Posted by: Matt Shanahan
In Chris Anderson’s The Long Tail, the theme was how low demand products could generate substantial revenue by rethinking sales and distribution. The argument is that selling less quantity but more products a company yields as much as selling more quantity but fewer products. Does the long tail apply to digital publishing? If so, how?
As the mantra goes, publishers sell audiences. In every website monitored by Scout Analytics, we find an audience defined by a long tail of visitors that looks like the graphic below. From this picture the long-tail rule may be focus on the short tail. In other words, selling more frequency from fewer visitors can yield as much as selling more visitors but less frequency.
As a segment, subscribers tend to be small, 5-10% of audience, but deceptive. Subscribers are visitors who are keenly interested in the content on your website. They visit your site several times a week or more, and they consume more content per visit than any other group. They have the strongest loyalty and should be sold at the highest CPM.
Registered visitors usually make up 10-15% of the audience. They are regular visitors and will promote you by forwarding links, tweeting, or any number of growing “I like” tags. Registered visitors return to your website via a bookmark rather than a search engine. Their loyalty produces predictive behavior and deeper segmentation that can be monetized efficiently. They are also the best candidates to be made subscribers.

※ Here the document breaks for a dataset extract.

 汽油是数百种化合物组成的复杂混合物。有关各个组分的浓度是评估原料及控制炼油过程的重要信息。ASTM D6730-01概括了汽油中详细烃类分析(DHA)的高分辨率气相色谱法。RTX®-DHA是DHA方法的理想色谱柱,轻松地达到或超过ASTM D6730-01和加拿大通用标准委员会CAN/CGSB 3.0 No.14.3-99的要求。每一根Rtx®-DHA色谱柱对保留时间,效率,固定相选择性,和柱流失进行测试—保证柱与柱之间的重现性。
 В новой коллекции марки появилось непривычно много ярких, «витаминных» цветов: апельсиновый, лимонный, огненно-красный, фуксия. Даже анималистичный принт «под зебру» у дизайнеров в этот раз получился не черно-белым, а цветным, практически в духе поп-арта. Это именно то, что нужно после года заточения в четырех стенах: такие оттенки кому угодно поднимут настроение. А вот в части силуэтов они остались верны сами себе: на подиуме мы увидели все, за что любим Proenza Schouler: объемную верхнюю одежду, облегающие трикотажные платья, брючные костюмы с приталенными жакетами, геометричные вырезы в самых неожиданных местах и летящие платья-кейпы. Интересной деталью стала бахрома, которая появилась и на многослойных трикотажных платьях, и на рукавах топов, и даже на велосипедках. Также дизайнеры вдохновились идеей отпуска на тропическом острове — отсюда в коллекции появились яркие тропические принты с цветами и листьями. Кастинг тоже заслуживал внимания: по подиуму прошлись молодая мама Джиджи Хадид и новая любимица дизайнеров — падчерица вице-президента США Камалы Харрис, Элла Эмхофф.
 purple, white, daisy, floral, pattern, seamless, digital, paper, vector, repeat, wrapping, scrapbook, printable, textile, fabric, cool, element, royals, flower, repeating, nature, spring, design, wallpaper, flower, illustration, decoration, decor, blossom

Anonymous visitors make up the bulk of an audience. They are casual visitors or just drive-bys. Anonymous visitors found your site via a search engine or a link in someone else’s content. Somewhere in that great lump of users are candidates for registration. Finding the ones closest in loyalty to registered visitors improves conversions.

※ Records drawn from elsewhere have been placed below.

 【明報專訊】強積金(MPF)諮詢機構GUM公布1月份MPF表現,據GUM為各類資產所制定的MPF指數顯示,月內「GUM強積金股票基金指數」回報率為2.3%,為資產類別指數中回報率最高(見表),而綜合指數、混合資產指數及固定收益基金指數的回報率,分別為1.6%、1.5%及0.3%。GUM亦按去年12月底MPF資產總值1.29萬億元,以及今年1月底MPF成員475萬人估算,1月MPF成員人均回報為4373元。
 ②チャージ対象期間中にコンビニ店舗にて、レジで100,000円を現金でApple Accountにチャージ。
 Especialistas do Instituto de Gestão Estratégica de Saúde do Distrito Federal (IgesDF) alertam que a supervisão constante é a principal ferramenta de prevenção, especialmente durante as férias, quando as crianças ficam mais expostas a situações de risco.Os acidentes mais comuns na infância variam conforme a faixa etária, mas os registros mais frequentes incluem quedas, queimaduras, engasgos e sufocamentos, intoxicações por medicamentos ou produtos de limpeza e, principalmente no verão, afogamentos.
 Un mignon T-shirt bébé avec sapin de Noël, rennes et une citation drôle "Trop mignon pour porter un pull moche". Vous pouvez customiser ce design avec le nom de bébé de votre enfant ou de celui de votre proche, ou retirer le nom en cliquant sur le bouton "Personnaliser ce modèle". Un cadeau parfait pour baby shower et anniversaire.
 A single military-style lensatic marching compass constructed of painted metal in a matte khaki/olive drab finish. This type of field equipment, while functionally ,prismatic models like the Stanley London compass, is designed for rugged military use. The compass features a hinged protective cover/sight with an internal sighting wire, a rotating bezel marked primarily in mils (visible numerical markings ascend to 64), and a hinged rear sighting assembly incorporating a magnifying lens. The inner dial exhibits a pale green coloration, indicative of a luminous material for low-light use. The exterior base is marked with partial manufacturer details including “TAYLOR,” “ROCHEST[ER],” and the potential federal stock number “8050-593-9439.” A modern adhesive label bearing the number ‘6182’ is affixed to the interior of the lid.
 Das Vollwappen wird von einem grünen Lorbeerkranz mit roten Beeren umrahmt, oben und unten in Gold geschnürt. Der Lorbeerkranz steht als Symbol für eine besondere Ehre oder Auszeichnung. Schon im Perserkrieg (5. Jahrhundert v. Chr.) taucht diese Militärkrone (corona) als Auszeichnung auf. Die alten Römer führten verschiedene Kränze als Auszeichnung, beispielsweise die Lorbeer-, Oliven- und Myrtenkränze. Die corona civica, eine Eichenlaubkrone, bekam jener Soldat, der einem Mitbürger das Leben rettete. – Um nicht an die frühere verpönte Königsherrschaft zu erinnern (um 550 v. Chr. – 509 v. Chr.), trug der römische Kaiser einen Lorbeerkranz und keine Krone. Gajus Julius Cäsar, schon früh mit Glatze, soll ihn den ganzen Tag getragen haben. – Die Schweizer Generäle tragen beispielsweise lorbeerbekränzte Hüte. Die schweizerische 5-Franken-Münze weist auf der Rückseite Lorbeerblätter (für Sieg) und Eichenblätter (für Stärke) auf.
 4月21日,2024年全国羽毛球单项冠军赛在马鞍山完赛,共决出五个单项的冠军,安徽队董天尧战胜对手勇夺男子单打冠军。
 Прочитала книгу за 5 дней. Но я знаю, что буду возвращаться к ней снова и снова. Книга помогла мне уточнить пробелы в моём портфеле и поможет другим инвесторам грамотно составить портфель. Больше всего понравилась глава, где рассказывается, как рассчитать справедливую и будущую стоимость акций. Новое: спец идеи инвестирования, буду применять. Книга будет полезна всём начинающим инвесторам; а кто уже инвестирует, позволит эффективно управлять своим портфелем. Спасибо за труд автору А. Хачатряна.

As publishers deliver more targeted advertising, visitor loyalty needs to become a critical element of their monetization strategy. Making loyalty a part of the demographic provides more qualification of the inventory, better information for negotiations, and more control over delivery. Conclusion, Chris Anderson’s argument of selling less is more is true, but in digital media it takes a different lens and may be found in the short tail.